What this task involves:
I'd like an exact copy of only the lines from the start of the listing below through the line that holds "Der 3,8 Millionen". Please keep the pictures out.

Dataset excerpt:
^^^^^^^^^^^^^^^^

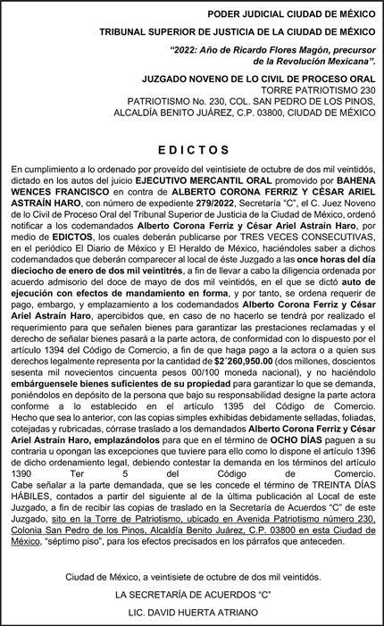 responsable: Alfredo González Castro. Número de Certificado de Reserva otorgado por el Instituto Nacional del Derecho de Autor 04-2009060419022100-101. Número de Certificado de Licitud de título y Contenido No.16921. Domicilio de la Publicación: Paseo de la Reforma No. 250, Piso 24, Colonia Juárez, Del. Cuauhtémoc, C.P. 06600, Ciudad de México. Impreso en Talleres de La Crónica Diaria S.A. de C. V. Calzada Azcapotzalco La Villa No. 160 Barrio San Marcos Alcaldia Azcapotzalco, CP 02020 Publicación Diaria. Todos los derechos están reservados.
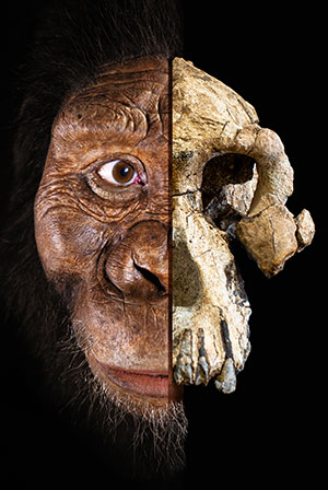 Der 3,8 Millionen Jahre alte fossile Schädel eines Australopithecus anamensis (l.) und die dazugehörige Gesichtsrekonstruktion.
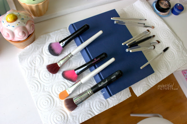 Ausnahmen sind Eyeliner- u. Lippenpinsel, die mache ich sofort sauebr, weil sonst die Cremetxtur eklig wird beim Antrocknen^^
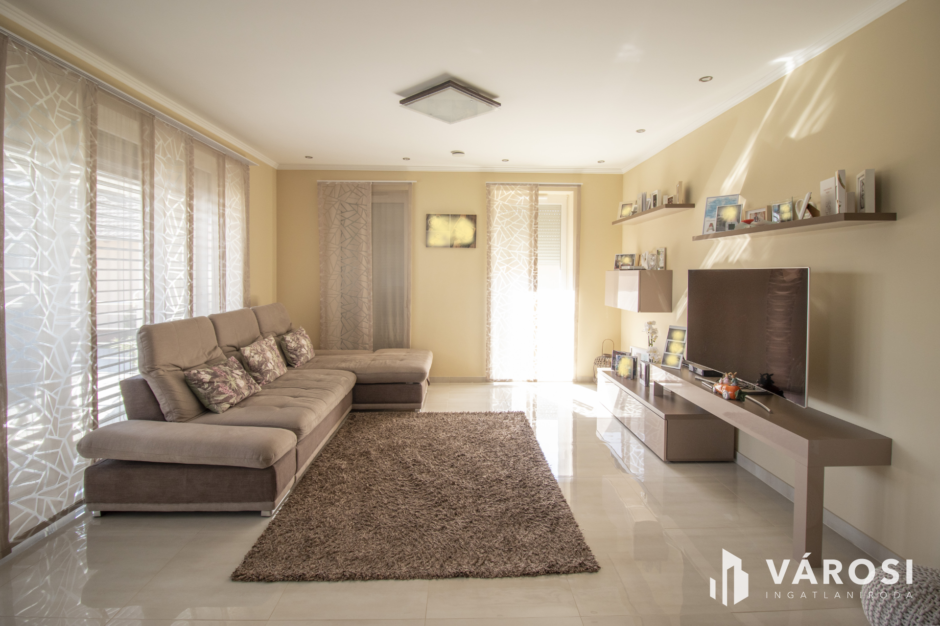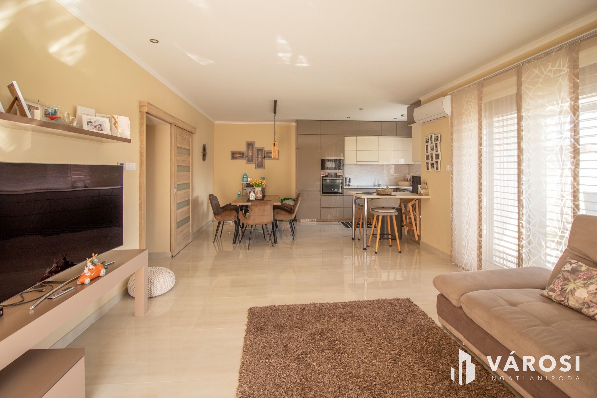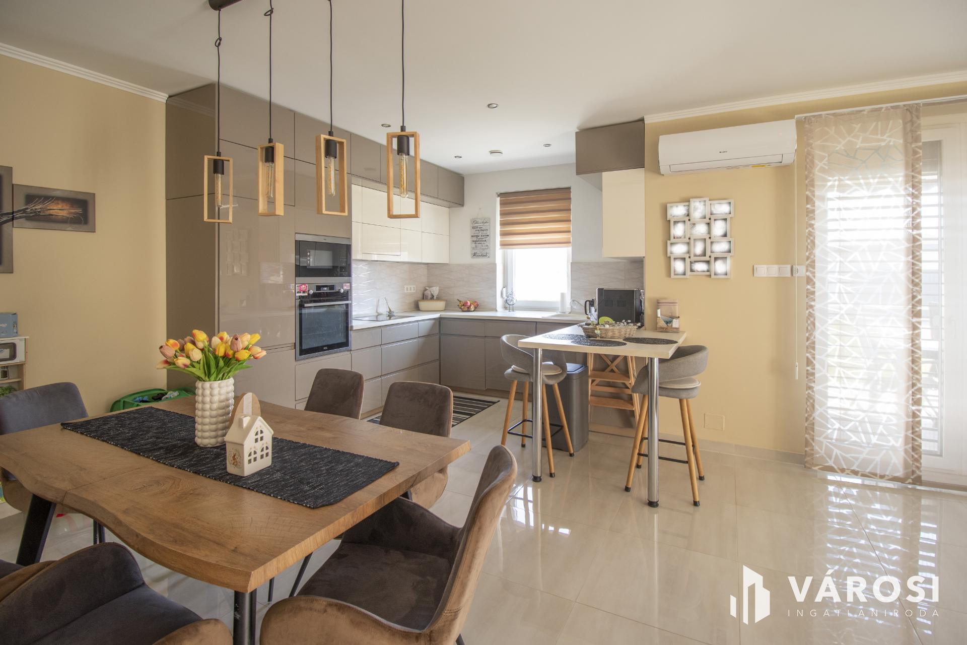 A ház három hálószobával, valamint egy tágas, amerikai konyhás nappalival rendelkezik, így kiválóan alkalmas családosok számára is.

^^^^^^^^^^^^^^^^

Answer to this problem:
 responsable: Alfredo González Castro. Número de Certificado de Reserva otorgado por el Instituto Nacional del Derecho de Autor 04-2009060419022100-101. Número de Certificado de Licitud de título y Contenido No.16921. Domicilio de la Publicación: Paseo de la Reforma No. 250, Piso 24, Colonia Juárez, Del. Cuauhtémoc, C.P. 06600, Ciudad de México. Impreso en Talleres de La Crónica Diaria S.A. de C. V. Calzada Azcapotzalco La Villa No. 160 Barrio San Marcos Alcaldia Azcapotzalco, CP 02020 Publicación Diaria. Todos los derechos están reservados.
 Der 3,8 Millionen Jahre alte fossile Schädel eines Australopithecus anamensis (l.) und die dazugehörige Gesichtsrekonstruktion.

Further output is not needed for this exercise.